Título: As desafiadoras lacunas de trabalho
Autor: Paviani, Aldo
Fonte: Correio Braziliense, 30/07/2009, Opinião, p. 21

Geógrafo e pesquisador associado da UnB

O desemprego afeta milhões de pessoas em todos os continentes, especialmente os países emergentes. Considerados como ¿em desenvolvimento¿, parecem pouco afetados pela crise que abala o mundo globalizado. Pela globalização, a crise espalhou-se mundo afora, não levando em conta países ricos, emergentes ou pobres. Em maior ou menor grau, o tsunami da crise chegou à produção industrial, ao desempenho comercial e, logicamente, ao setor imobiliário, no qual o maremoto financeiro recente teve origem.

Observa-se queda no desempenho da produção, reduzindo o consumo e a circulação de dinheiro. Ao produzir menos, a indústria tomou atitude cautelar, demitindo operários. Esses também, por precaução (ou por não ter outra saída), deixam de consumir. Cria-se, com isso, um círculo vicioso que atinge o sistema econômico e obriga governos, mesmo de países liberais, a intervir na economia. Todavia, as soluções vêm a reboque: o grande estrago na lucratividade e no mercado de trabalho exige que se recomponham as perdas.

Se a crise persistir, nos setores de consumo e da produção, a saída estará em poupar mão de obra, enxugando a folha de pagamento, criando lacunas de trabalho. Essas possuem roupagem diversa do desemprego porque podem ser permanentes, isto é, não são conjunturais, mas estruturais. Explicam-se as lacunas de trabalho como a eliminação de postos de trabalho sem reposição porque tecnologias variadas surgem para substituir a força humana. Esses postos de trabalho, ao serem cortados, aliviam a carga salarial e previdenciária das empresas, sobrecarregando as políticas governamentais. Em tempo de crise, as lacunas de trabalho podem surgir porque as atividades novas operam sem criar postos de trabalho.

Com isso, as lacunas de trabalho ocorrem porque setores econômicos poupam mão de obra e porque eliminam atividades que julgam supérfluas, considerando a redução da lucratividade traduzida em balanços adversos. Nesses casos, o socorro chega com aportes governamentais para evitar quebradeira e desemprego. Outra estratégia é mudar a geografia das indústrias com a migração para continentes onde a mão de obra pesa menos sobre o produto final. Esse mecanismo faz que países como o Brasil entrem no jogo da produção globalizada oferecendo incentivos para a localização de plantas industriais ou financiando a produção de partes de objetos. Esses componentes são exportados para as matrizes montadoras, que lucram exportando o produto acabado.

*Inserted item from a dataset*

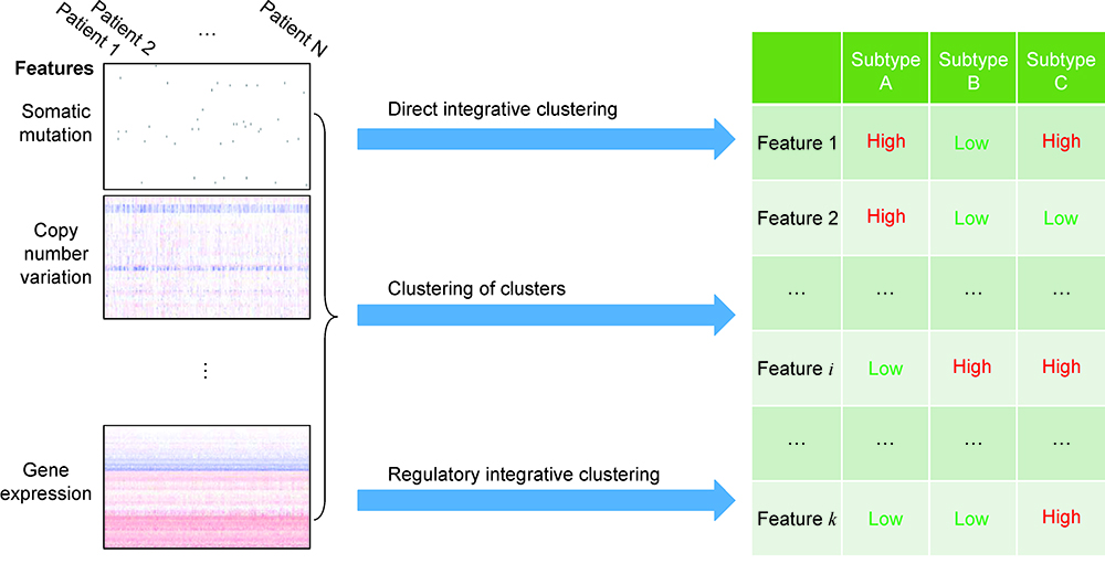 One goal of precise oncology is to re-classify cancer based on molecular features rather than its tissue origin. Integrative clustering of large-scale multi-omics data is an important way for molecule-based cancer classification. The data heterogeneity and the complexity of inter-omics variations are two major challenges for the integrative clustering analysis. According to the different strategies to deal with these difficulties, we summarized the clustering methods as three major categories: direct integrative clustering, clustering of clusters and regulatory integrative clustering. A few practical considerations on data pre-processing, post-clustering analysis and pathway-based analysis are also discussed.

Países emergentes passaram a atrair atividades com benesses do lucro repatriado, sem ter gerado investimento algum no país. Essa estratégia não cria postos de trabalho porque é extremamente poupador de força de trabalho, pois é calcado em tecnologias de ponta. Sendo capital especulativo, essas indústrias nômades procuram as metrópoles, onde é encontrada mão de obra a baixo custo e abundante. A atração desse tipo de empreendimento se faz com empréstimos de bancos oficiais na esperança de ativar a geração de empregos, o que nem sempre ocorre.

Os países pobres e emergentes são o palco de lacunas de trabalho com maior rebatimento socioespacial. Há regiões inteiras com taxas entre 15% e 20% de desemprego, o que pode significar milhões de pessoas de braços cruzados e estômagos vazios. Os desocupados acabam no rol de desempregados estruturais, refugiam-se na informalidade ou batem no muro das lacunas de trabalho. No Brasil, essa é de difícil mensuração, pois ainda não se criou uma pesquisa direta específica nas universidades e nas instituições especializadas para captar o volume de postos de trabalho não criados nas empresas ou quantos foram eliminados ao surgir a curva decrescente dos lucros operacionais.

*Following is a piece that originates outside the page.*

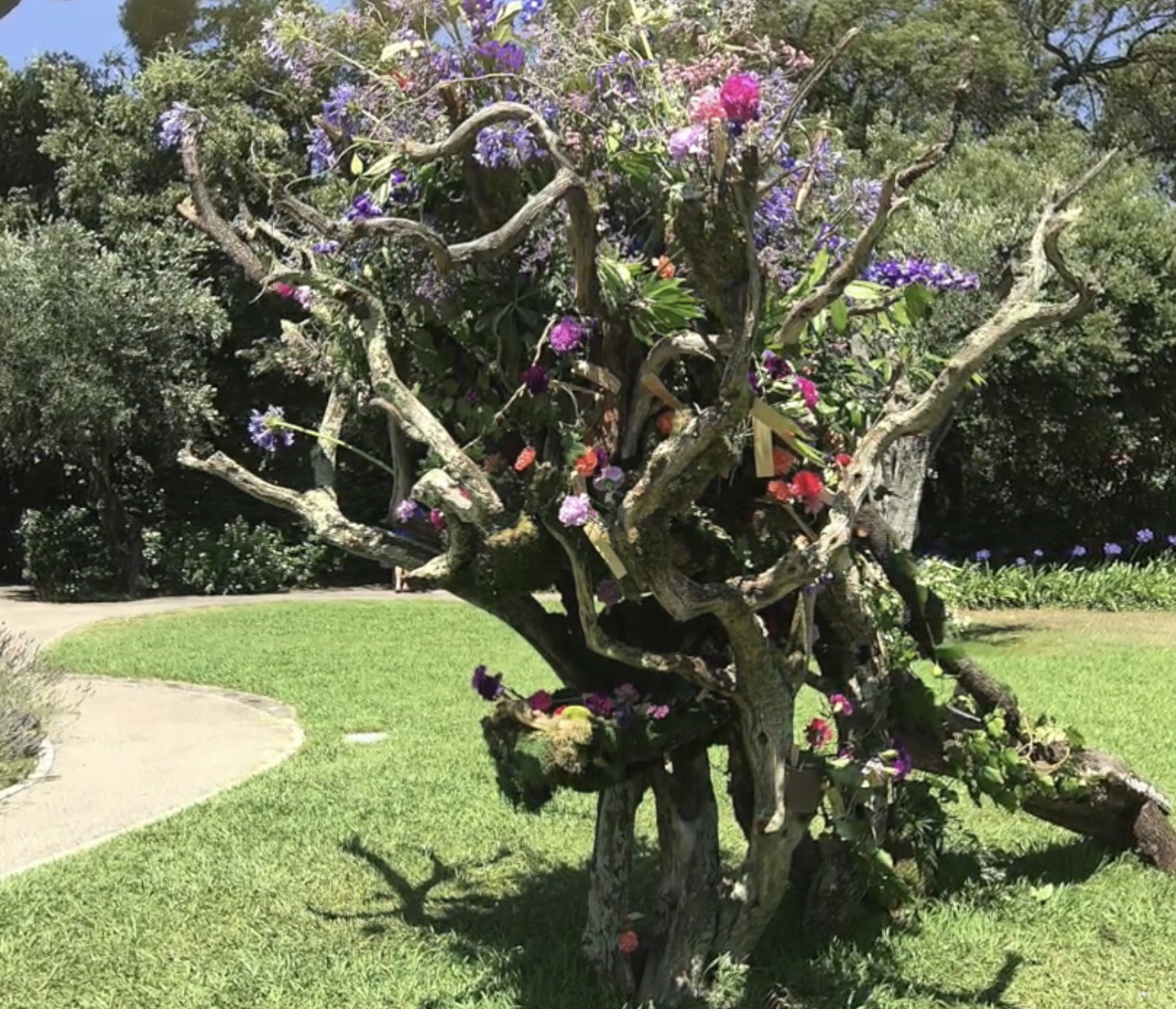 Comme un peintre, elle joue avec les couleurs et les formes : bouquets, parterres de fleurs, vénérables oliviers piqués de taches de couleurs subtiles s’inscrivant dans les nœuds du bois. Elle a créé également une véritable sculpture vivante constituée de branchages, de feuilles, de fleurs mêlées de mousses et d’écorces pour laquelle elle a demandé la participation des visiteurs qui ont pu y ajouter d’autres fleurs ainsi que des messages.

Se decaírem os lucros, cortam-se os supérfluos, não avaliados nos desperdícios das empresas, mas pelo lado mais visível que é o braço operário, substituído por tecnologia modernizadora e da moda. Sobra a esses dispensados buscarem obrigo na informalidade ou nos programas governamentais. Governos possuem uma cornucópia financeira abastecida pelo montante de impostos e taxas, por vezes camuflados como temporários ou destinados à educação ou à saúde pública.

Por fim, resta supor que, ao lado do suporte social (emergencial), empresas e governos destinem mais recursos para a educação e para a saúde pública, instrumentos para soerguer o futuro dos vitimados pela perda de seu sustento ou fulminantemente atingidos pelas lacunas de trabalho.